# [Exercise]
Your copy should hold only the lines from the one with "Это приложение позволит" to the one with "It has satsang", both included, each exactly as it stands below, with no pictures.

# [Given data]
§

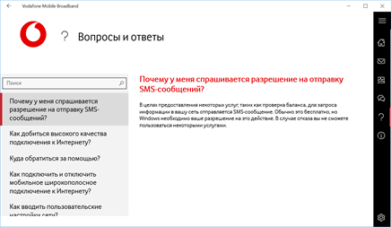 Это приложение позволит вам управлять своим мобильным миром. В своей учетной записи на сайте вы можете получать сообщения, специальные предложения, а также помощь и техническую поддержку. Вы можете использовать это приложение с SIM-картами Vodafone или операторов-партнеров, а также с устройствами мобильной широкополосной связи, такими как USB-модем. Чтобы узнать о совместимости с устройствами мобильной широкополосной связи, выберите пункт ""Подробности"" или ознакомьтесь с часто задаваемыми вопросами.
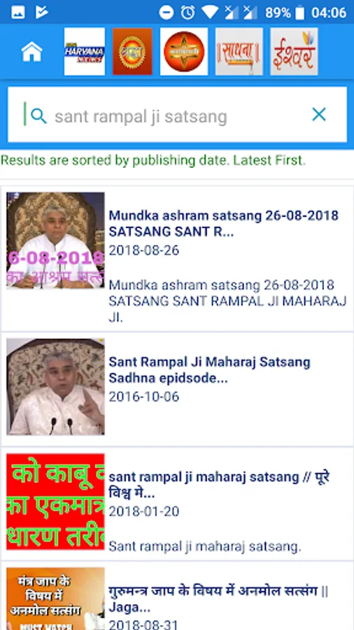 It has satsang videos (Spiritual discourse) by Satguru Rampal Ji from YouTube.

§

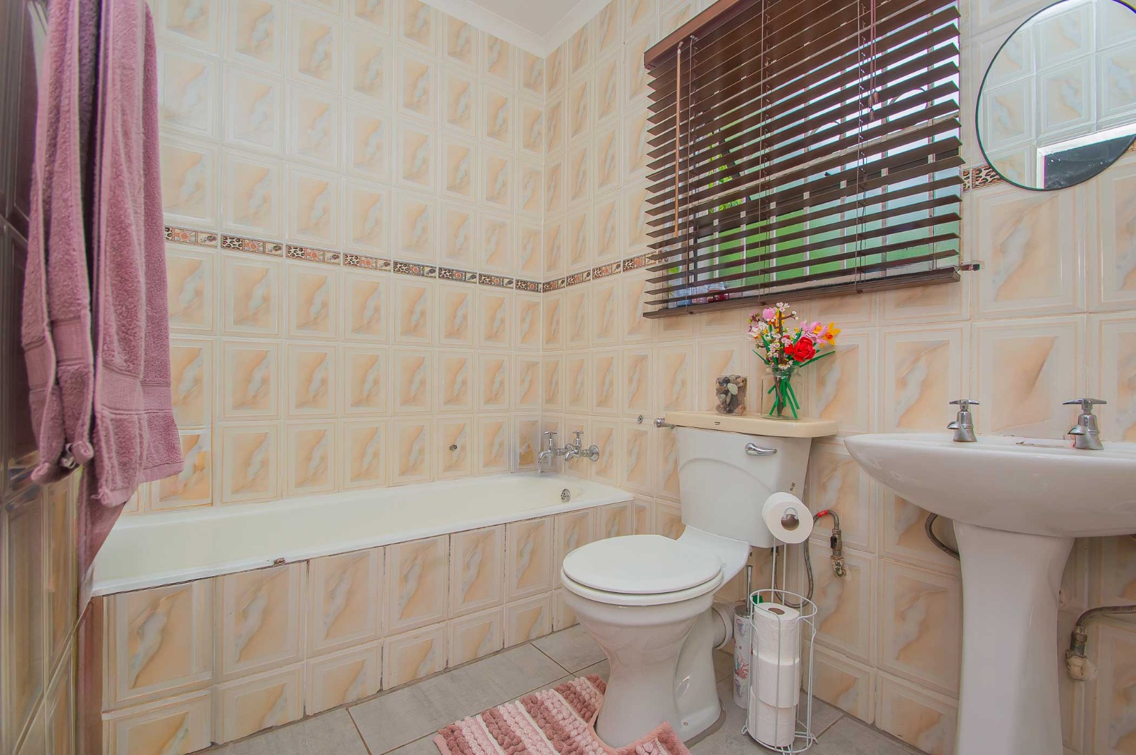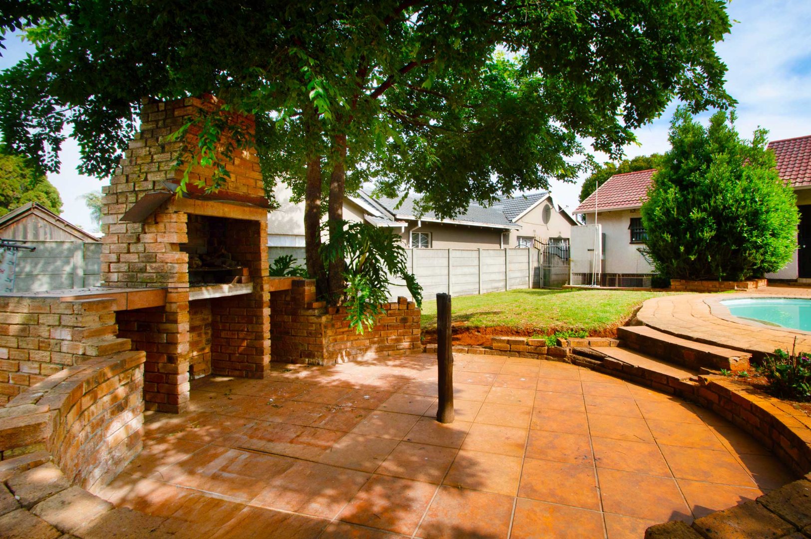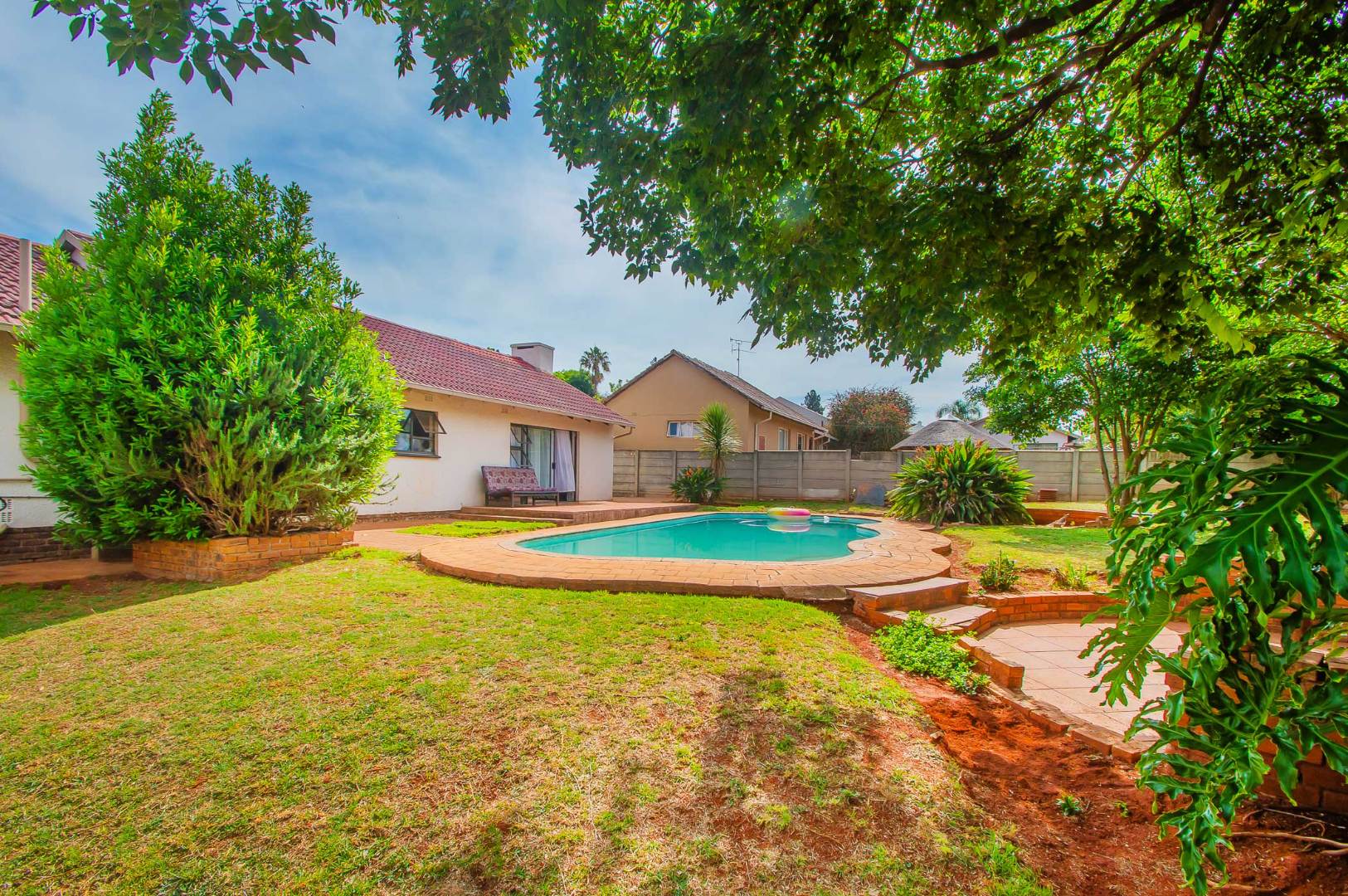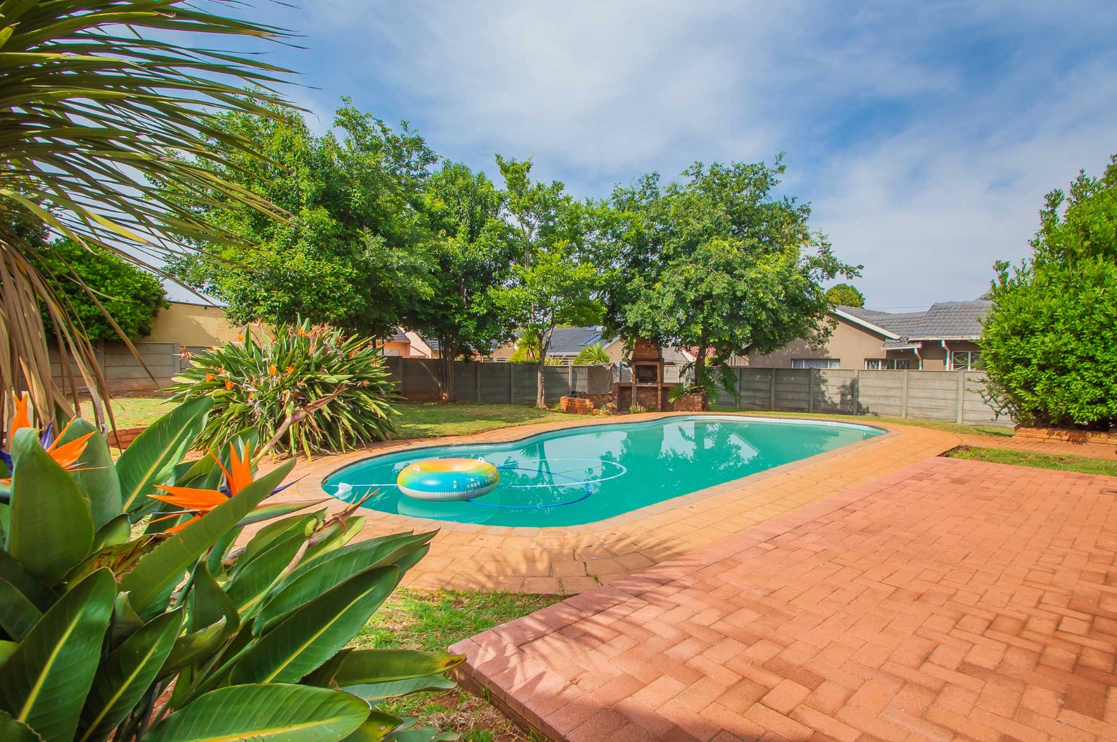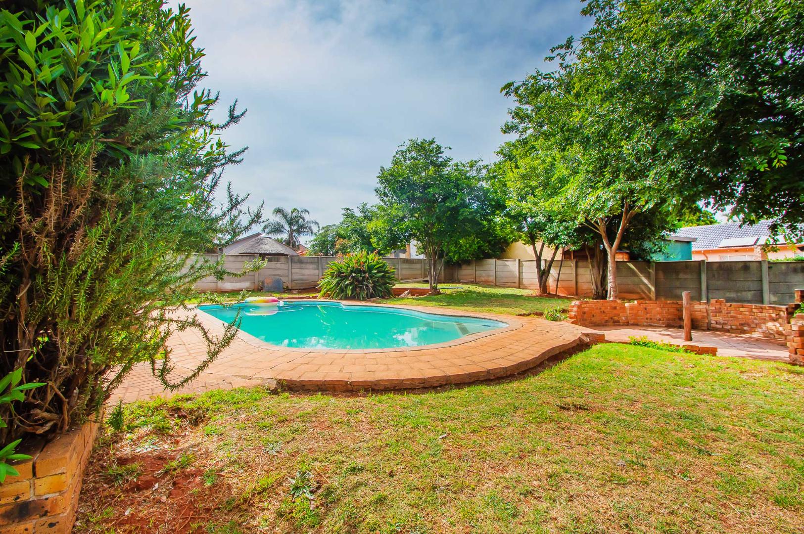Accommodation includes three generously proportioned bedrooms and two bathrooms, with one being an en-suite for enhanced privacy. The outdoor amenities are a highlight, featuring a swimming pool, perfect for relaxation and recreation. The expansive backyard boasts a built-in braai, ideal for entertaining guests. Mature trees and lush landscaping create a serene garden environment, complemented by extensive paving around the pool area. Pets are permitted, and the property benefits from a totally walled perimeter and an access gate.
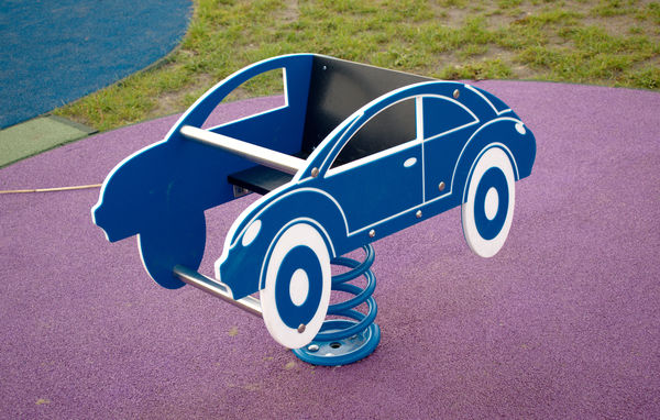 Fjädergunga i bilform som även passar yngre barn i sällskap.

§

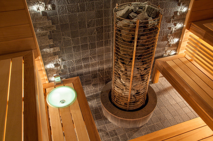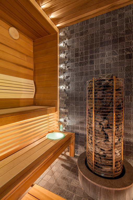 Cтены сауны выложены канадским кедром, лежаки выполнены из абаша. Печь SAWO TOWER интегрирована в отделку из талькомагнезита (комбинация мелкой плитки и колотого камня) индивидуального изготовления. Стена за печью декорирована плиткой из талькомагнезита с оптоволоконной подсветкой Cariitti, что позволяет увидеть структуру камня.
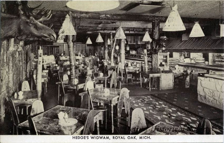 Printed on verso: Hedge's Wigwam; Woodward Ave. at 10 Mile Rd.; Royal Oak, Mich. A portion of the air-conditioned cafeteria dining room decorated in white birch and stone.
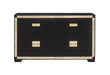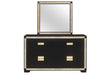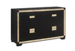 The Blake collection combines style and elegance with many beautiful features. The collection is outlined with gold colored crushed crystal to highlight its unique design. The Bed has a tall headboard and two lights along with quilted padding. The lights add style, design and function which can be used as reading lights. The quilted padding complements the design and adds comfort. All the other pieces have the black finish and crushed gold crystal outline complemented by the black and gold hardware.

§

# [Answer for this exercise]
 Это приложение позволит вам управлять своим мобильным миром. В своей учетной записи на сайте вы можете получать сообщения, специальные предложения, а также помощь и техническую поддержку. Вы можете использовать это приложение с SIM-картами Vodafone или операторов-партнеров, а также с устройствами мобильной широкополосной связи, такими как USB-модем. Чтобы узнать о совместимости с устройствами мобильной широкополосной связи, выберите пункт ""Подробности"" или ознакомьтесь с часто задаваемыми вопросами.
 It has satsang videos (Spiritual discourse) by Satguru Rampal Ji from YouTube.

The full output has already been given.